The main focus of SYN Cookies is to try to eliminate the resource consumption of the half-open connection. The principle is similar to the HTTP Cookies technology. B encodes the half-open connection information into "Cookie" through a specific algorithm, which is used as the message number (SequenceNum) for B to A. It is returned to the connection initiator A along with the SYN-ACK message, so that B does not save any information until the connection is completely established. If A is a normal user, it will send the last handshake message (ACK) to B, and B will verify the content of the "Cookie" and establish a connection after receiving it; if A is an attacker, it will not send back an ACK message to B, and B will also There is no loss, that is to say, a simple SYN attack will not cause B's connection resource consumption. Of course, this scheme also has certain shortcomings. The most obvious one is that B does not save the half-open state of the connection, so it loses the ability to resend the SYN-ACK message. On the one hand, it will reduce the connection success rate of normal users, on the other hand, it will lead to In some cases, both parties in normal communication will misunderstand whether the connection is successfully opened. For example, the third handshake message (ACK) sent by A to B is lost halfway. In this case, the upper-layer application needs to adopt a special policy to deal with it.

Of course, all of these schemes are not perfect and each has its own advantages and disadvantages.

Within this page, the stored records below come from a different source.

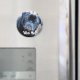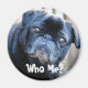 Um pug preto malvado sendo pego no pote de biscoito.
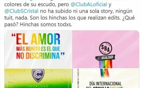 En el caso de Alianza brillaron por su silencio. Un periodista como Brandon Távara lo hizo notar: “Equipos del mundo se han pronunciado sobre el #DiaDelOrgullo , algunos incluso han cambiado los colores de su escudo, pero Alianza Lima y Cristalno ha subido ni una sola story, ningún tuit, nada. Son los hinchas los que realizan edits. ¿Qué pasó? Hinchas somos todxs”.
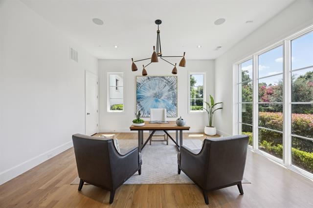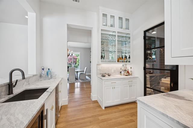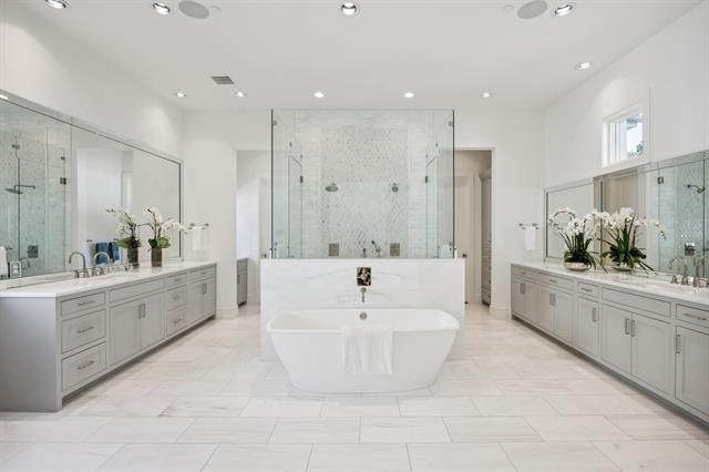 Situated on a beautifully landscaped and fully gated 1.12 acre lot in the heart of Old Preston Hollow, this Spanish inspired Mediterranean estate offers a rare combination of luxury, privacy, and modern convenience in one of the most sought-after neighborhoods in Dallas. Built in 2019, this transitional style home is perfectly suited for family living and entertaining with six bedrooms, multiple living spaces, and incredible outdoor entertaining. The main floor features formal dining, a dedicated office, wet bar with temperature controlled wine room, and a spacious family room with nine-foot windows offering sweeping views of the beautifully landscaped private yard. The primary suite with French doors opening to pool and spa as well as a guest suite are also on the first floor. The gourmet kitchen is a chef's dream, complete with a Sub-Zero fridge and freezer, a Wolf range with double ovens, multiple dishwashers, and a large island perfect for gathering. An additional living room is downstairs that opens to covered patio and creates a seamless space for indoor and outdoor entertaining. Upstairs features four additional ensuite bedrooms, a media room, game room with kitchenette, and home gym with sauna.Outside, the exquisite landscaped yard provides a tranquil retreat with a pool, spa, fire pit, and cabana designed by Pool Environments. The covered patio is perfect for grilling and dining outdoors, equipped with phantom screens and heaters so you can enjoy it year-round. The beautifully landscaped yard provides plenty of additional space for fun and even a pickle ball court if desired. A four-car garage with a private motor court adds to the property's exclusivity. Don’t miss this unparalleled opportunity to live luxuriously and privately in one of Dallas' most prestigious neighborhoods.
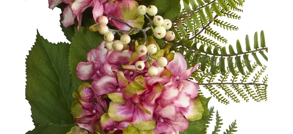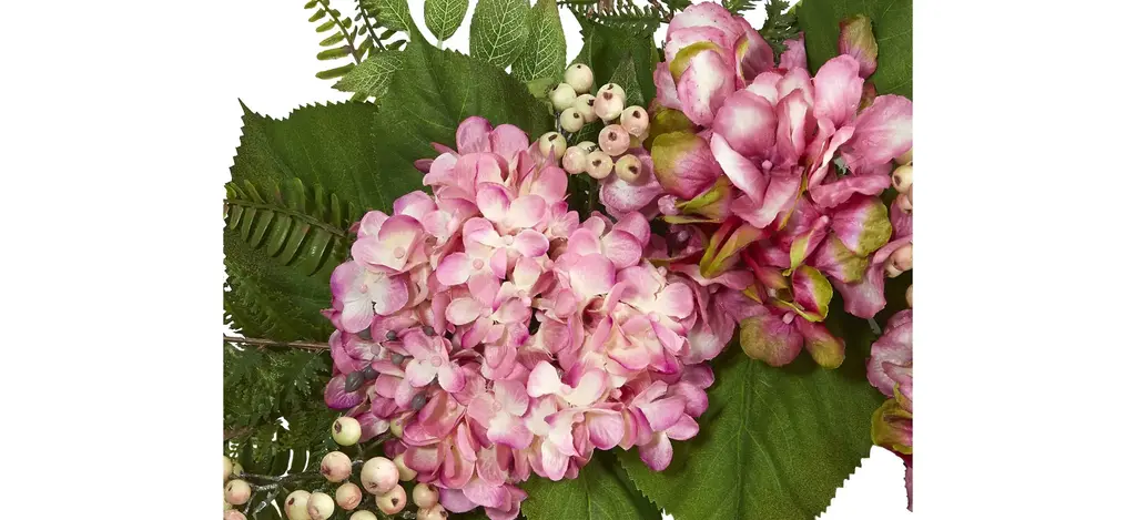 Let the splendor of the outdoors come into your home with this stunning 24 inch Hydrangea Berry Wreath. For a softer feel to your bedroom or front door, add this ornament with its beautiful pink blooms that give off a playful and charming appeal.
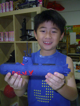 YOUNG STUDENT CREATING SCHOOL PROJECTS
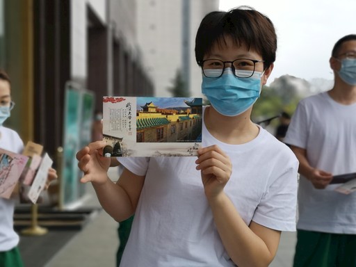 3月26日下午,人民日?qǐng)?bào)社新媒體中心、武漢市郵政分公司、武漢武昌區(qū)疫情防控指揮部共同舉辦“同舟共濟(jì) 感恩有您”為援漢醫(yī)療隊(duì)贈(zèng)禮活動(dòng),醫(yī)療隊(duì)員們對(duì)武漢風(fēng)光明信片愛不釋手。圖為醫(yī)療隊(duì)員展示自己最喜歡的武漢大學(xué)風(fēng)光明信片。□李漢梅 攝
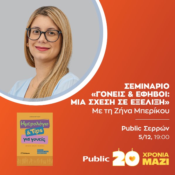 Τα Public και τα Φροντιστήρια Πουκαμισάς Σέρρες Κέντρο σε προσκαλούν στην εκδήλωση «Γονείς & Έφηβοι: Μια Σχέση σε Εξέλιξη», ένα Σεμινάριο Συμβουλευτικής Γονέων με αφορμή την κυκλοφορία του νέου βιβλίου της Ζήνας Μπερίκου, «Ημερολόγιο & tips για γονείς».
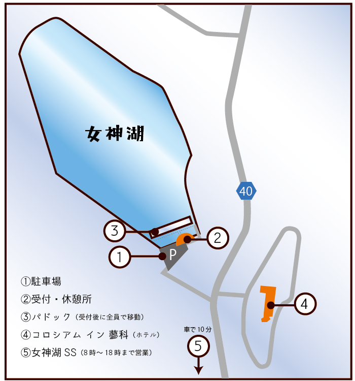 ・走行会前に湖上で使用する全車両の洗車が必要になります。集合時間厳守でお願いします
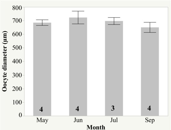 Mean (±Standard Error of the Mean, SEM) oocyte diameter of F1 greater amberjack (n inside the bars) that were expected to respond to given GnRHa implant, at the time of treatment (May–July) and at the conclusion of the experiment (September). No statistically significant differences were observed (p < 0.05).

The final strategy may be a combination of several schemes to form a defense system that resolves the attack locally in advance without affecting the entire system.

In the actual attack, the attacker is unlikely to send a large number of SYN messages violently, which will expose himself in advance, but first sniff out the TCP configuration parameters of the attacked object, such as the expiration time of the semi-connected state, the queue upper limit, etc., and master the rhythm. More tailored attack messages are sent to occupy the nest in the most economical and undetectable way, filling the half-connected queue.
Forging Source IP (IP Spoofing) has certain attention. You cannot choose a real host with TCP connection capability, because the TCP protocol requires that when it receives an inexplicable SYN-ACK message, it directly returns an RST message, which instead prompts the attacked B. A fake half-open connection can be terminated early to clear it from the queue.
This means that the connection resources of a specific port (Port) are exhausted and cannot accept new connection requests, and the connections that have been established on the port and other ports that have not been attacked are not affected.